LA FORME
La performance est discontinue. Elle est composée de quatre séquences qui n’ont en commun que la relation
triangulaire artiste / modèle / spectateur dans l’œuvre picturale.
Elle se présente donc comme une succession de séquences sans continuité de style, mais dessinant un
parcours dramaturgique qui raconte notamment une évolution de la place du spectateur et développe un
propos sur la question de la médiation culturelle.
Chaque séquence correspond à un moment précis du processus de création d’une œuvre, et s’intéresse soit
au rapport artiste-modèle, soit au rapport artiste-spectateur. Le mode de théâtralité (le «style») de chaque
séquence correspond à la question particulière qu’elle pose sur le phénomène de la représentation.
LA VISITE AU MUSÉE, UNE SCIENCE-FICTION SUR LA MEDIATION CULTURELLE
Entre les séquences, le spectateur suit le développement d’une fiction qui court sur toute la durée du
spectacle: un médiateur culturel, le meilleur de sa génération, déguisé en homme préhistorique, marche dans
un musée imaginaire sans fin à la recherche des réponses qui lui permettront d’écrire l’audio-guide ultime,
celui que le spectateur pourra écouter devant n’importe quelle œuvre d’art pour en comprendre le sens.

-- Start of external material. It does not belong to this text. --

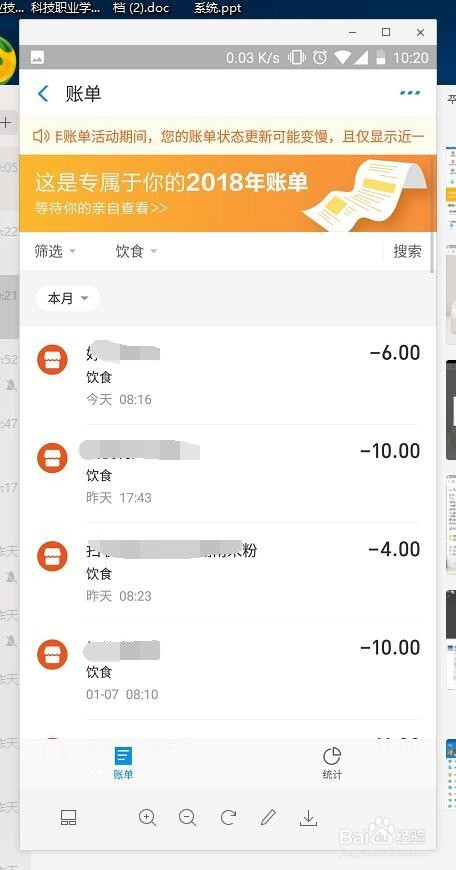 如点击饮食,此时我们就进入了饮食的根基账单,我们可以发现此时我们的日常饮食支出都在这里

Cette fiction enchâssant raconte une quête presque mystique, celle de l’essence de l’art, mise en parallèle avec
la quête du Graal (autre thème récurrent du spectacle). Elle permet aussi de poser la question transversale qui
sous-tend l’ensemble des séquences : pourquoi représenter une chose plutôt qu’une autre ? Tout peut-il être
représenté ?
EN FINIR AVEC UN CERTAIN CLOISONNEMENT DES DISCIPLINES
Même s’ils sont de nature différente, il n’y a pas de vraie raison de faire de la frontière entre «performance d’art
contemporain» et «théâtre contemporain» un obstacle infranchissable.

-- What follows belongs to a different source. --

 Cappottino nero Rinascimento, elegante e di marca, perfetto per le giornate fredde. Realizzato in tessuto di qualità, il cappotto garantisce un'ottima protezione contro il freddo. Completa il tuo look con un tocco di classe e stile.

Dans les milieux artistiques d’aujourd’hui, la scène a une place à part. La performance et la danse restent au
contact de l’art contemporain, mais le théâtre a ses réseaux qui ne communiquent pas avec ceux des musées.

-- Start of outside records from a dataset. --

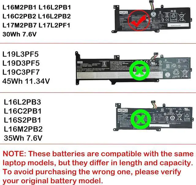 Compatible with Machine Modelsfor Lenovo IdeaPad V15-IKB (Type: 81YD) Series; for Lenovo IdeaPad V15-IWL (Type: 81YE) Series; for Lenovo IdeaPad V145-14AST (Type: 81MS) Series; for Lenovo IdeaPad V145-15AST (Type: 81MT) Series; (NOTE: These laptops are compatible with two battery capacities (30Wh and 35Wh). To avoid purchasing the wrong battery, please open your laptop's back cover and verify the original battery and its capacity.)
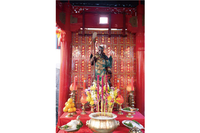商売繁盛の神様としても信仰される「関聖帝君」を期間中特別にお祀り。祭壇へ参拝(線香1本200円)すると、西遊記の登場人物たちと記念撮影もできる。祭壇前ではお守り(500円)も販売。
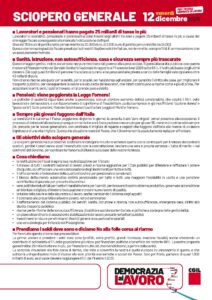 12 dicembre SCIOPERO GENERALE: chiusura sedi CGIL Siena intera giornata.
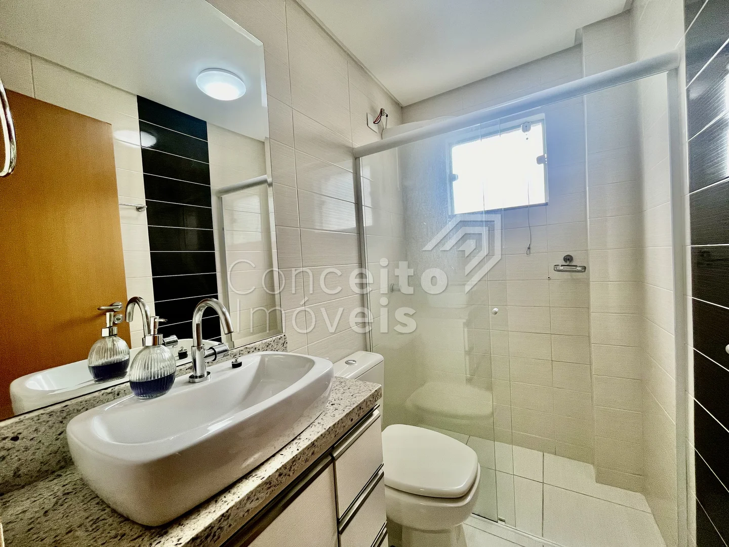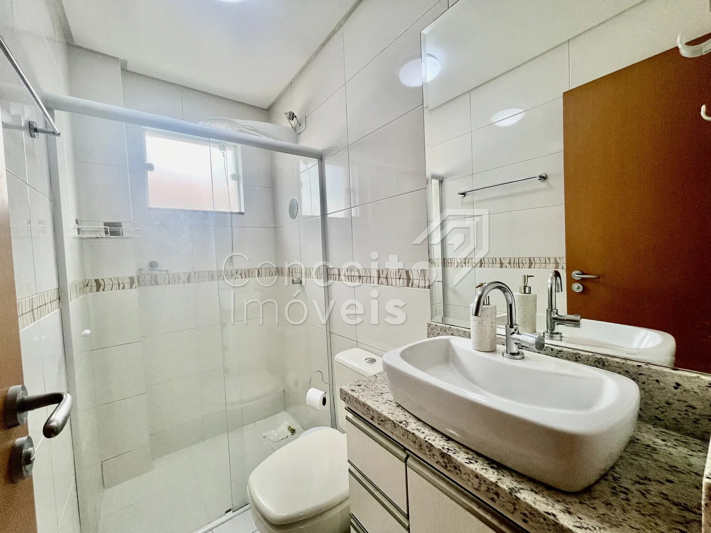 ✅ Banheiro social com armário, espelho, box e chuveiro elétrico
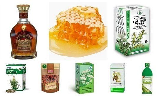 100 мл. аптечного экстракта чаги (бефунгин), по 75 г. сухого измельченного тысячелистника и плодов шиповника, 60 г. сосновых почек, 2,5 г. сухой полыни, 250 г. натурального меда, 125 мл. коньяка, 100 мл. сока алоэ.
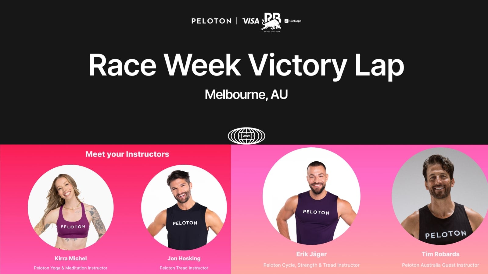 Peloton is heading to Melbourne, Australia for a free in-person event called the “Race Week Victory Lap” – held in partnership with the Visa Cash App Racing Bulls (VCARB) Formula 1 team ahead of the 2026 Australian Grand Prix.
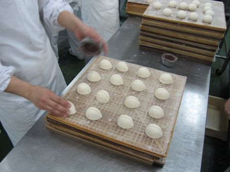 これは何の商品を作るテストをしているかというと、「寿桃」の製造のテストです。
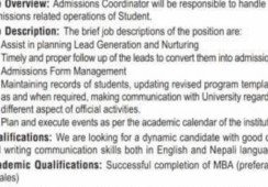 Position: Admission CoordinatorRequired No: 1 (Female)IT Skills: Microsoft Office, E-mails and basic IT knowledgeSalary : NegotiableJob Overview: Admissions Coordinator will be responsible to handle the admissions related operations...

Pourtant bon nombre de ceux qui, actuellement, entendent inventer des formes théâtrales ont des rapports au
texte et à sa plasticité qui sont plus proches de l’histoire des arts picturaux que de celle des arts de la scène
auxquels le cloisonnement des milieux les rattache. Notre compagnie cherche sa place en ce moment, et pour
nous, si on ignore les usages et qu’on regarde le fond des préoccupations des différents acteurs de la culture, il
est évident de solliciter l’accompagnement des lieux d’art. Notre approche du discours, basée sur une
recherche entamée en 2004 sur le «texte pauvre», trouve davantage d’échos dans les pratiques liées à l’art
contemporain que dans ce qu’on attend habituellement du théâtre au sens classique du terme, auquel nous
sommes pourtant invariablement apparentés et comparés — et ce en dépit des efforts entrepris par les
artisans de la théâtralité postmoderne au XXe siècle, des symbolistes à Bob Wilson en passant par le Bauhaus
et Tadeusz Kantor.
Nous réclamons, par gourmandise autant que par nécessité, un accès au public des centres d’art, et à cette
position particulière du spectateur que ces lieux permettent. Nous pensons en outre que ce décloisonnement
est propre à profiter à tous — théâtre, musée, acteur, spectateur, tableau, spectacle.